Given that there I have a list of lists, List, in which all lists contain 0 or more items, likely, but not necessarily all the same number. And I would like tho have a list containing all the items in the Lists... but I want the order to be as follows: first the first items off all the lists, in order that they appear in the 'super-list'.<List<T>>
Ex.
List[0] = { 'Apple', 'Blueberry', 'Cranberry' }
List[1] = { 'Anteater', 'Baboon', 'Camel', 'Dodo'}
List[2] = { 'Albatross', 'Blackbird', 'Chicken'}
result = { 'Apple', 'Anteater', 'Albatross', 'Blueberry', 'Baboon',
'Blackbird', 'Cranberry', 'Camel', 'Chicken', 'Dodo' }
(note that this is NOT alphabetical order, Blueberry comes before Baboon)
Ofcourse, i could just loop through the 'superlist' with a counter, adding items to the resultslist one by one, as long as there is a list that isn't empty:
int i = 0;
bool done = false;
while (!done)
{
bool found = false;
foreach (list l in superlist)
{
if (l.Count() > i)
{
found = true;
result.Add(l[i]);
}
}
i++;
if (!found)
done = true;
}
But it would be way nicer to use some optimized LINQ function to do this. I have been looking into Zip, GroupBy and Aggregate, but couldn't get them to work.
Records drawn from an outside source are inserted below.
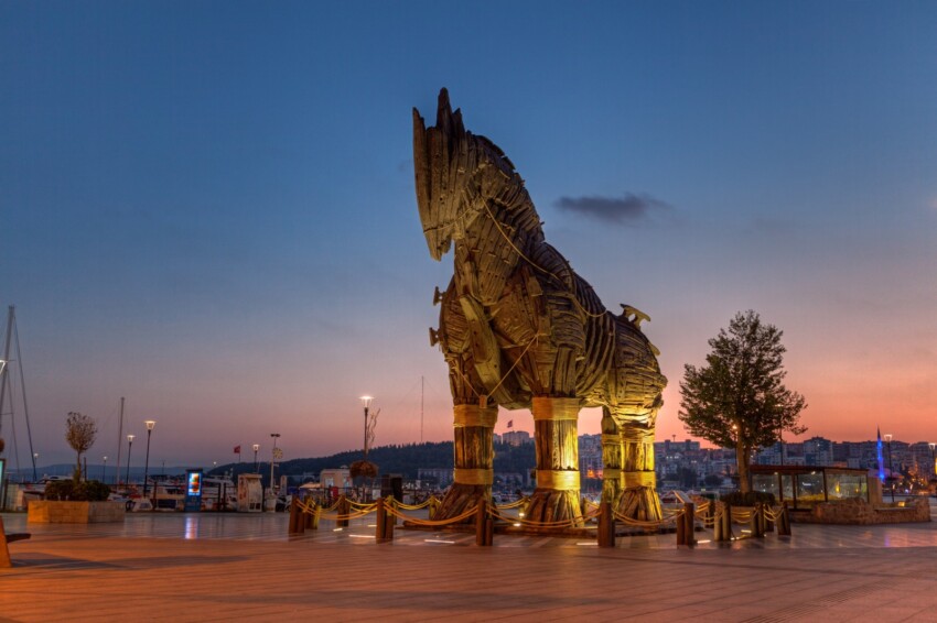 Le site archéologique abrite maintenant plusieurs témoignages datant de milliers d’années, notamment l’enceinte fortifiée, construite pour défendre le territoire urbain contre les attaques ennemies et mentionnée par Homère, ainsi que la Porte de Troie marquant le point de départ du parcours de visite. En progressant, on peut également admirer les vestiges du Temple d’Athéna et de la Maison de Priam, un vaste complexe qui était probablement la demeure du célèbre roi troyen. Lors de la visite, il est impossible de ne pas remarquer aussi la reconstitution d’un grand cheval en bois réalisée pour commémorer celui utilisé par les Achéens dans la guerre et qui a servi à la prise de la ville et à leur victoire.
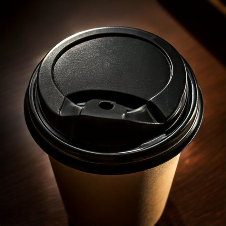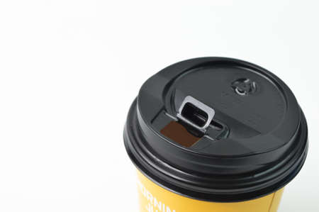 Close up view of black coffee cup lid
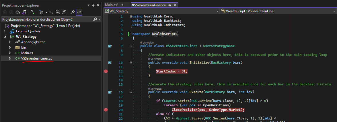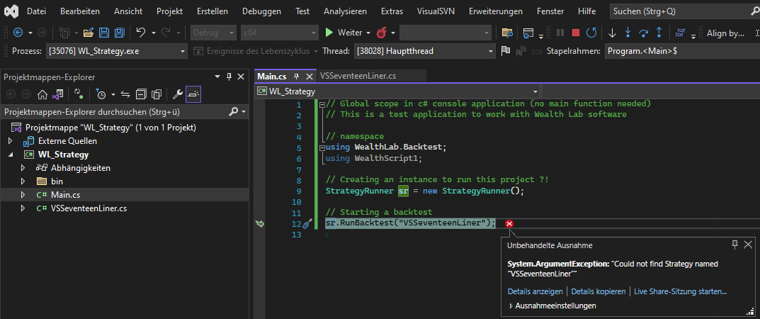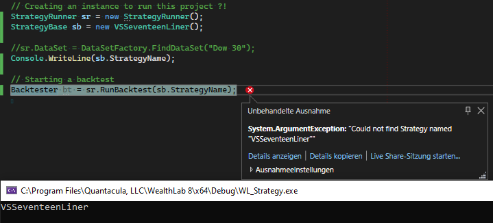 The goal, of course, is to run the strategy with VS so I can debug my code or just have a little more programming comfort.
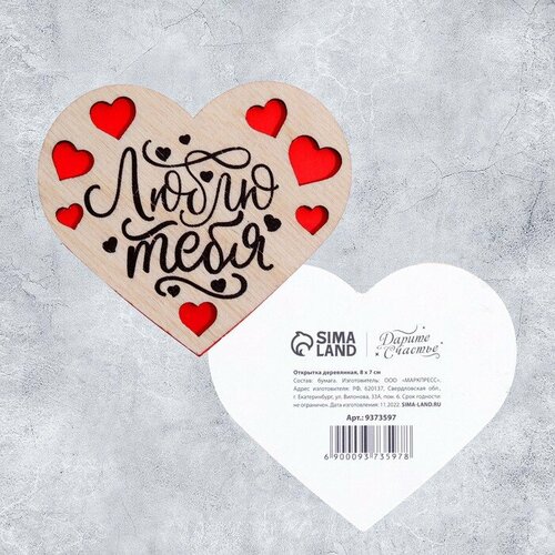 Открытка-валентинка деревянная «Люблю тебя», 8 × 7 см

So: Is there a pretty LINQ function, or combination of multiple, that would turn this into pretty code, or should I stick by (and maybe optimize) my current function?
Edit: A simple SelectMany(x => x) also doesn't do the trick, as it preserves the order of the lists, instead of folding them, like my algorithm does. See my initial question for more details.